Dataset section start

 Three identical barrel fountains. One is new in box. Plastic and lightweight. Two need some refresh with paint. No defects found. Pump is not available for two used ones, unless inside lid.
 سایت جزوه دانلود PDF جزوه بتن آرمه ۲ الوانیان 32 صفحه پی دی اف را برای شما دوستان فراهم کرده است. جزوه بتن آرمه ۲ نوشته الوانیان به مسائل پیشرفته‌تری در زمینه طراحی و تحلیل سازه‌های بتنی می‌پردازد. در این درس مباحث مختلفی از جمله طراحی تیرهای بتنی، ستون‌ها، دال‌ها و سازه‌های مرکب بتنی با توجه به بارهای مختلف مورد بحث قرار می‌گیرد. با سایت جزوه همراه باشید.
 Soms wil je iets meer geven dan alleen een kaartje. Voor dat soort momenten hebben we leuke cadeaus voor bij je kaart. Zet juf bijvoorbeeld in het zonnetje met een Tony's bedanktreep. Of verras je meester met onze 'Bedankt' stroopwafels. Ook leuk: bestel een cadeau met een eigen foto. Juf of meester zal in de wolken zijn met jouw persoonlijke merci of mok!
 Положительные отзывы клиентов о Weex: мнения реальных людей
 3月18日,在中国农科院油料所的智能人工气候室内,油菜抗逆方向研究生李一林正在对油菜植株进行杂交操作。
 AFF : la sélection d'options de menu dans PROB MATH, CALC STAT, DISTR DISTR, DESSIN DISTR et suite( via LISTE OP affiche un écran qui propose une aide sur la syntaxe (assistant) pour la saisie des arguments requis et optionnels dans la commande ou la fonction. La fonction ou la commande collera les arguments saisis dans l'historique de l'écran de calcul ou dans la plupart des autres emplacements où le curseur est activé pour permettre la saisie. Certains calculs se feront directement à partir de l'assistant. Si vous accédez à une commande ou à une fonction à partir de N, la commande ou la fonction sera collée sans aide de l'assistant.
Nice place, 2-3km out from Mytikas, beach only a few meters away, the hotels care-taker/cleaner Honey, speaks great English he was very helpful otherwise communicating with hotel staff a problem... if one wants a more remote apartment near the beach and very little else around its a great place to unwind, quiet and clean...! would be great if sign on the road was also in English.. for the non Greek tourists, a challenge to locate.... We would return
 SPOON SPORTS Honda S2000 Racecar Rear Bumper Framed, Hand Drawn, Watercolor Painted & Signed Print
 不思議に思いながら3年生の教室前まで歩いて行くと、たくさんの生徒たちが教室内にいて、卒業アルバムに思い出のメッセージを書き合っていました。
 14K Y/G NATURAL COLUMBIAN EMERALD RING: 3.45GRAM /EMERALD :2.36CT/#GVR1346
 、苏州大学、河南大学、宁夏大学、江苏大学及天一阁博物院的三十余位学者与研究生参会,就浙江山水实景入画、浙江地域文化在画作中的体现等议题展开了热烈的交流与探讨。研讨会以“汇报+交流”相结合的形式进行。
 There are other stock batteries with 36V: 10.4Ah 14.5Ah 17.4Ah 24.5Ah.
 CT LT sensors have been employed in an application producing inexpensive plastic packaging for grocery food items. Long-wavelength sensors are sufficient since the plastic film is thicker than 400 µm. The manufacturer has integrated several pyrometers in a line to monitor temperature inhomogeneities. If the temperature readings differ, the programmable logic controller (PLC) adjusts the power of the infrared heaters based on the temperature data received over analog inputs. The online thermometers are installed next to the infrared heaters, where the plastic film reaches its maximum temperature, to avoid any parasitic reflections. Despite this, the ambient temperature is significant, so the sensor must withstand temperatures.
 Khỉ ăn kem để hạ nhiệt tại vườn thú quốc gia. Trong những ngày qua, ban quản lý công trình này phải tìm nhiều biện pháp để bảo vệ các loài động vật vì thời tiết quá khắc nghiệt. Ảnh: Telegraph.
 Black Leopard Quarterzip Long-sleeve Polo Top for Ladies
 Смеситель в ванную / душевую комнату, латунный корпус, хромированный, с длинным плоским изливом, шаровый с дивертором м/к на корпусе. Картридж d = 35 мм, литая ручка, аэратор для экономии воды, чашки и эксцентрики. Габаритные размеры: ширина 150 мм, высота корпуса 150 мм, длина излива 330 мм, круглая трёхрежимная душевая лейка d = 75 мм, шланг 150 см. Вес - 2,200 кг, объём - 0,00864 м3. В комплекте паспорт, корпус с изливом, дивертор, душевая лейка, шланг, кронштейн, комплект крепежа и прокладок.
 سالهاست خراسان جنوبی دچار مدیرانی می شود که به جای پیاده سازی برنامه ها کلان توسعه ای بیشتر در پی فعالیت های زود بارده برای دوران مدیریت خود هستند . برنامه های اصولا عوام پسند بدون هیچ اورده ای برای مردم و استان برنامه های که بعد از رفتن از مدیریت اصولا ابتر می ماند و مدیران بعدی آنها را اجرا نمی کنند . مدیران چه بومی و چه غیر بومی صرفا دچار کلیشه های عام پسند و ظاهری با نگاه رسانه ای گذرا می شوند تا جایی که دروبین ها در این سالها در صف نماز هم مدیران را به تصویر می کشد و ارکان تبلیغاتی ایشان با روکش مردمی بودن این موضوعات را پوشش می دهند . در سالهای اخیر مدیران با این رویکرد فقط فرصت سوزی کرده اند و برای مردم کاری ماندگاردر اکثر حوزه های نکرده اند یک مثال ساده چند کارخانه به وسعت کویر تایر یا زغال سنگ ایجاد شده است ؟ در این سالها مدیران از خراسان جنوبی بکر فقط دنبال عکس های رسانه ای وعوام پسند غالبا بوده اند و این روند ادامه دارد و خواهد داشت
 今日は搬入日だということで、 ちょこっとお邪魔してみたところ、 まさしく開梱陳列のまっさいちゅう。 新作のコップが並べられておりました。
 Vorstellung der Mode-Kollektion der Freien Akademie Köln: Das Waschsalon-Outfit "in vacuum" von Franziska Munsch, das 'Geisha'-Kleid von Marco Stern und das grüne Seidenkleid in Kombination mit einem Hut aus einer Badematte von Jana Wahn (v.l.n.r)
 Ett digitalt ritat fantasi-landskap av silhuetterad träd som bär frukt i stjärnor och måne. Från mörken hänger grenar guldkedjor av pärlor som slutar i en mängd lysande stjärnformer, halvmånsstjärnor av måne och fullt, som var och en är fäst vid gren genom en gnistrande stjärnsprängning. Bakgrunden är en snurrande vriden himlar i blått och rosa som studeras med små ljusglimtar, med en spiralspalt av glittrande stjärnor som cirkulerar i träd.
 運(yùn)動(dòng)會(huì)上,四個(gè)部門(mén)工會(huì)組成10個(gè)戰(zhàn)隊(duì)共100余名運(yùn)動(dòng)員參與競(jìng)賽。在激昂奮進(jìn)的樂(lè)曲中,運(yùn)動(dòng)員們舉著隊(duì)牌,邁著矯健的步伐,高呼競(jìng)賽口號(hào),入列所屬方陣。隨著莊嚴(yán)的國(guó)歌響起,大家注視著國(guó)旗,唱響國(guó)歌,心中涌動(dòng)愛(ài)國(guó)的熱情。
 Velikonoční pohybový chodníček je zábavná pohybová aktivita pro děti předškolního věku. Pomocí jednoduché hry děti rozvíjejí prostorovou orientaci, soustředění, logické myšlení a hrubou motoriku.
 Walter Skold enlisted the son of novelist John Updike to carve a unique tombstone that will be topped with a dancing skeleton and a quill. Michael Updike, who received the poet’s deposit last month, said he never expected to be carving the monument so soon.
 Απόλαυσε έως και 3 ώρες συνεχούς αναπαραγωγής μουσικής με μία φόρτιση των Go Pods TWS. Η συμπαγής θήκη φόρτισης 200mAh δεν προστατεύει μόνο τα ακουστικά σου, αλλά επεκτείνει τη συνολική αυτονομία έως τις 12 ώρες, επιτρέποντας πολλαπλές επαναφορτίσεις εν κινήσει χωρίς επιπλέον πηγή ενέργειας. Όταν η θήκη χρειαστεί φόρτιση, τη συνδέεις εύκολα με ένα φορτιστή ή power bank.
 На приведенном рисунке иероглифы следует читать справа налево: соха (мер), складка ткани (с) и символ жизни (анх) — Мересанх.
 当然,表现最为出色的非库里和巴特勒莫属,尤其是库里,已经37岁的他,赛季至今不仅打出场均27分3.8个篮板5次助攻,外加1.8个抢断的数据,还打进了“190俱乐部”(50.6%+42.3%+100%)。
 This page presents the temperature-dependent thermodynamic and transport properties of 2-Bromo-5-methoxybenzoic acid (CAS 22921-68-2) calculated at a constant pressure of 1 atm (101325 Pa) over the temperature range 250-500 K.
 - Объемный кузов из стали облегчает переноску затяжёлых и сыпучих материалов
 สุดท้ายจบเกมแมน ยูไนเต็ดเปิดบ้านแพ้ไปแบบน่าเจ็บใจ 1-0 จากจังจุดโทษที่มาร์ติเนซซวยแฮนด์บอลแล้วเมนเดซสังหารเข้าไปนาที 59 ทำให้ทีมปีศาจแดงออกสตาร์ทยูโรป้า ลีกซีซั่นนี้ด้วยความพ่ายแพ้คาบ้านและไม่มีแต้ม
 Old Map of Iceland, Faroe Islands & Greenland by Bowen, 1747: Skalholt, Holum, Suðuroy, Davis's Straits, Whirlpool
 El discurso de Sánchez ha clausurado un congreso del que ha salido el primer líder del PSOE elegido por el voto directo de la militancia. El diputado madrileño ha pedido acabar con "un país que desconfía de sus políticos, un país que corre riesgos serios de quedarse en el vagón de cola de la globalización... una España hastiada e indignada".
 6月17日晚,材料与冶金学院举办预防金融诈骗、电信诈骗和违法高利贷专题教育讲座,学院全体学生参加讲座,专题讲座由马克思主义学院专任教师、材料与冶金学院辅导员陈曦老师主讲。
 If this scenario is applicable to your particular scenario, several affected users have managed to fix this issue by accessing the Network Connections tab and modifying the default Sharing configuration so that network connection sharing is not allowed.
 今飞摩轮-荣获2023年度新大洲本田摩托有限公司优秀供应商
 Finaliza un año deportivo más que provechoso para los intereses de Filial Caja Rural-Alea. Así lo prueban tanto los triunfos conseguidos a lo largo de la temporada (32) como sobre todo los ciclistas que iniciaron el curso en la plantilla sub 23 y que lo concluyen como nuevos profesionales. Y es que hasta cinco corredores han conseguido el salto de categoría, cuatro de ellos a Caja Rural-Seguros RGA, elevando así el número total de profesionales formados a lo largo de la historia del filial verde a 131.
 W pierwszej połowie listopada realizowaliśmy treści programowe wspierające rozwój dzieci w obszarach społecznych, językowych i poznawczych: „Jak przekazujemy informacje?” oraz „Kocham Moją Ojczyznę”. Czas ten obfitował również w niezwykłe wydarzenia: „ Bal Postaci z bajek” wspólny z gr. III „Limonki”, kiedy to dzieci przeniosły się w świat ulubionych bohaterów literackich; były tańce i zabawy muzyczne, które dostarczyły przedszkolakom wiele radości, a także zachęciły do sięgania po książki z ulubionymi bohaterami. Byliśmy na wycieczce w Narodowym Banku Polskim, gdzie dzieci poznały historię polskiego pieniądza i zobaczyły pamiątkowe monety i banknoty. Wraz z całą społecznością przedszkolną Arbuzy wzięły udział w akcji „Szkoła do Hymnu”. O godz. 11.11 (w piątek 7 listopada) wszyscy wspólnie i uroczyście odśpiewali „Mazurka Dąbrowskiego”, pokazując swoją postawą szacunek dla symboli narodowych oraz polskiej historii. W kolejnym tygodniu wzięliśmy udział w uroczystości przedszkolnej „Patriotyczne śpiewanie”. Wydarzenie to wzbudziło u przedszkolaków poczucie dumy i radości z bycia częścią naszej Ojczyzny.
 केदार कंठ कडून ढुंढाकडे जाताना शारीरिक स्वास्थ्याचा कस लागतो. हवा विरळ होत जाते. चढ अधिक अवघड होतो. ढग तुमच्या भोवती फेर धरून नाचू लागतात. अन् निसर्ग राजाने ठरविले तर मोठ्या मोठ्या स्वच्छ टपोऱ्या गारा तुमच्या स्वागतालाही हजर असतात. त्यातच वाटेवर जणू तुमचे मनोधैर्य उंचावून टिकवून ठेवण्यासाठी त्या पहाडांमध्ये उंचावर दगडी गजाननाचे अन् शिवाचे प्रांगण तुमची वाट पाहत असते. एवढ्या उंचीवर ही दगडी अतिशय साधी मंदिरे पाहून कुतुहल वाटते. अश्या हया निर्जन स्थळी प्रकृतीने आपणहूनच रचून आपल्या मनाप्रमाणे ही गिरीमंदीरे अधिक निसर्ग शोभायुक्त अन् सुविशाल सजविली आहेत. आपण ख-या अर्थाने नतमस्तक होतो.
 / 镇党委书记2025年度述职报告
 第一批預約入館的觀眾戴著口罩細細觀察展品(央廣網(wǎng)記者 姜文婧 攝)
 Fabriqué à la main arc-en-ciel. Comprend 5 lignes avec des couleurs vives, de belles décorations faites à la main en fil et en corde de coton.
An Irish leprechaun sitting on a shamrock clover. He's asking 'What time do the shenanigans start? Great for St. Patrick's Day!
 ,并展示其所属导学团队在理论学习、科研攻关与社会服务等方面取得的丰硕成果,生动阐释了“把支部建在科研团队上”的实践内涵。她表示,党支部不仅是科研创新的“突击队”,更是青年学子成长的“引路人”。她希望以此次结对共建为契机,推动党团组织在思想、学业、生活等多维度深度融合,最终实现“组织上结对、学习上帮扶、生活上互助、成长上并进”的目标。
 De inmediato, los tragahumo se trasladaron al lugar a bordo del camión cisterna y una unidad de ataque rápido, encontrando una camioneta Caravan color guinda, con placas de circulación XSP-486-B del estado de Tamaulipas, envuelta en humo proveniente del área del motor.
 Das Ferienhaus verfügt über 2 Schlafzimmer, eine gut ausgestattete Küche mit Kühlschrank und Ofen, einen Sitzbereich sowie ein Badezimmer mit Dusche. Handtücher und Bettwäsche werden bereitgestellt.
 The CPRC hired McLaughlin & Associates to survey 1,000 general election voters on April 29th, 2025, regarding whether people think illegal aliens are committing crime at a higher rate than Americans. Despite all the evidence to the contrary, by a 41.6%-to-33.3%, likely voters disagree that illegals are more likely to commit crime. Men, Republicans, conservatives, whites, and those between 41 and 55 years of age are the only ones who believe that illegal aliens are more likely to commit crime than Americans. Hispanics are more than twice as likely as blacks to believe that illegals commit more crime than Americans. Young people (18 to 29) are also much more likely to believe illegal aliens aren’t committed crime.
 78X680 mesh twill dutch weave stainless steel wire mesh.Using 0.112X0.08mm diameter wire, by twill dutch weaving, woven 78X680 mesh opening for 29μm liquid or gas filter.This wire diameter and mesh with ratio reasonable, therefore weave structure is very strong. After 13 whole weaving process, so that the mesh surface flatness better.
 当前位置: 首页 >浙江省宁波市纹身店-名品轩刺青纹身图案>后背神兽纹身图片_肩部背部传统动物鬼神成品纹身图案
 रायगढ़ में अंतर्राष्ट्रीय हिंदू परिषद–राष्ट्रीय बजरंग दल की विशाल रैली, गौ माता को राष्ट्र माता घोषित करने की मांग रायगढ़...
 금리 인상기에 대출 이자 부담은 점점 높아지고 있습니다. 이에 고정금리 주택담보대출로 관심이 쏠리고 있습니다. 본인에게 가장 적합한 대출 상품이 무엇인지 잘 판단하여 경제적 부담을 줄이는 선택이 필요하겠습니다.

Dataset section end

▶ **About this exercise**:
Where the data above reaches the line holding "SPOON SPORTS Honda", begin printing, and stop after the line holding "There are other". Each line must be reproduced exactly, with nothing else added.

▶ **Task answer**:
 SPOON SPORTS Honda S2000 Racecar Rear Bumper Framed, Hand Drawn, Watercolor Painted & Signed Print
 不思議に思いながら3年生の教室前まで歩いて行くと、たくさんの生徒たちが教室内にいて、卒業アルバムに思い出のメッセージを書き合っていました。
 14K Y/G NATURAL COLUMBIAN EMERALD RING: 3.45GRAM /EMERALD :2.36CT/#GVR1346
 、苏州大学、河南大学、宁夏大学、江苏大学及天一阁博物院的三十余位学者与研究生参会,就浙江山水实景入画、浙江地域文化在画作中的体现等议题展开了热烈的交流与探讨。研讨会以“汇报+交流”相结合的形式进行。
 There are other stock batteries with 36V: 10.4Ah 14.5Ah 17.4Ah 24.5Ah.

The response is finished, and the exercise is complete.